- Opening Delimiter -

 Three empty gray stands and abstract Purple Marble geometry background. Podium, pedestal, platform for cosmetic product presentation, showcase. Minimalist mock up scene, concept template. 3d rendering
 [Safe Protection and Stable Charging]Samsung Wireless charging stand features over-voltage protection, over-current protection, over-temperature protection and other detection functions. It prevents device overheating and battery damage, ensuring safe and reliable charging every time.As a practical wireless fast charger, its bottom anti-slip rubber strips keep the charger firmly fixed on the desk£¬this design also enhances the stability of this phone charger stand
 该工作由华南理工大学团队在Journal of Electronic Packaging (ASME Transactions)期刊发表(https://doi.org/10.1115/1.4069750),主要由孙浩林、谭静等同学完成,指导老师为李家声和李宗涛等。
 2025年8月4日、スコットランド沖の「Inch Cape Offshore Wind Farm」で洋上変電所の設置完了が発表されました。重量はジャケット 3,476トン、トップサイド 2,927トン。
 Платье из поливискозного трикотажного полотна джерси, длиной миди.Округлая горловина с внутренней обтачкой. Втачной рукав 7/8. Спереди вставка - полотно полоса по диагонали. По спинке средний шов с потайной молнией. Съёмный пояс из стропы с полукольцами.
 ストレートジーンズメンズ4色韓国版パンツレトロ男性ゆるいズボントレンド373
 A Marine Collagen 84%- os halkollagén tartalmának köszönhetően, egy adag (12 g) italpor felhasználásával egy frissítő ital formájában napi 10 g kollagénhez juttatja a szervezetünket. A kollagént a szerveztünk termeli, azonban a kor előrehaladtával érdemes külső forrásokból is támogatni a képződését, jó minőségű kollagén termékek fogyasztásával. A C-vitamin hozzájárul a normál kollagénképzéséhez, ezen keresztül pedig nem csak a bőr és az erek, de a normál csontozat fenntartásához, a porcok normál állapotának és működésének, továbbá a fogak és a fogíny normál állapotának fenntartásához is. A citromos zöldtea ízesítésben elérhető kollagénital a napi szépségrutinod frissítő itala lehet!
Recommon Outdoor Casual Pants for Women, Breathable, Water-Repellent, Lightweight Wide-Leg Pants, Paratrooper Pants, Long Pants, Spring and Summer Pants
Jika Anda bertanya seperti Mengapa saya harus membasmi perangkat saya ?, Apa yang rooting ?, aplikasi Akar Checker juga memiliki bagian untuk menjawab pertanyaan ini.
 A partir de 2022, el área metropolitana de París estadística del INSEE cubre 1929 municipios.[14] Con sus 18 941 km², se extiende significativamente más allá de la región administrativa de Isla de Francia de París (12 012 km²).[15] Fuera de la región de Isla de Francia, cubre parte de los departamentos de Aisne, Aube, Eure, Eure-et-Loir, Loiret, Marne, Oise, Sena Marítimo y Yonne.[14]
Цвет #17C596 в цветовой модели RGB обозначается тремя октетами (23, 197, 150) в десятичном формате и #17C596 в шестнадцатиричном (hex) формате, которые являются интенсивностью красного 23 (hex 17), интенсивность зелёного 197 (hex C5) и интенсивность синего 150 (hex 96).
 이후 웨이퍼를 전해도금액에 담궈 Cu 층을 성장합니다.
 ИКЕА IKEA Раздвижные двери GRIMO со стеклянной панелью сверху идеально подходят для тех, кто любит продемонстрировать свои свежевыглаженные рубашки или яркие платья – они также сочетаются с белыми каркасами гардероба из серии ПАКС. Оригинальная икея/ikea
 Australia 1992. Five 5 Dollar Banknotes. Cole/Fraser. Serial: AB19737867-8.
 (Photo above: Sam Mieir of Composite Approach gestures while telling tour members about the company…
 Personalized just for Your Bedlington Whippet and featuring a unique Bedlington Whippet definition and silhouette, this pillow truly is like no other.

- Closing Delimiter -

# [What you will do]
What do the lines from the one with "ИКЕА IKEA Раздвижные" through the last line of the entries say? Print them word for word, both ends included, and nothing else.

# [Output]
 ИКЕА IKEA Раздвижные двери GRIMO со стеклянной панелью сверху идеально подходят для тех, кто любит продемонстрировать свои свежевыглаженные рубашки или яркие платья – они также сочетаются с белыми каркасами гардероба из серии ПАКС. Оригинальная икея/ikea
 Australia 1992. Five 5 Dollar Banknotes. Cole/Fraser. Serial: AB19737867-8.
 (Photo above: Sam Mieir of Composite Approach gestures while telling tour members about the company…
 Personalized just for Your Bedlington Whippet and featuring a unique Bedlington Whippet definition and silhouette, this pillow truly is like no other.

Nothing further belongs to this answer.